▶ _Data section_
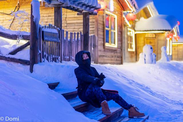 在雪村里走着走着还能看见狗拉爬犁、皇家马车绕城游等项目,木屋旁边的小雪人特别可爱,拍张游客照还是挺适合的。
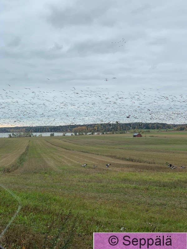 Iitti Tuhansia valkoposkihanhia viivähtää syysmuutolla Itä-Suomen pelloilla. Kuva Anitta Töyrylä.
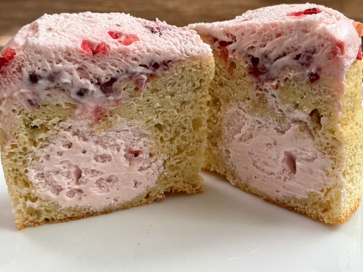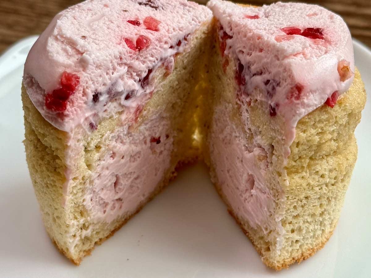 上にも中にもいちごの果肉がたっぷり入っている様子がわかります!では早速いただきます。

▶ _Your instructions_
Restate the whole of the material word for word without the pictures.

▶ _Solution_
 在雪村里走着走着还能看见狗拉爬犁、皇家马车绕城游等项目,木屋旁边的小雪人特别可爱,拍张游客照还是挺适合的。
 Iitti Tuhansia valkoposkihanhia viivähtää syysmuutolla Itä-Suomen pelloilla. Kuva Anitta Töyrylä.
 上にも中にもいちごの果肉がたっぷり入っている様子がわかります!では早速いただきます。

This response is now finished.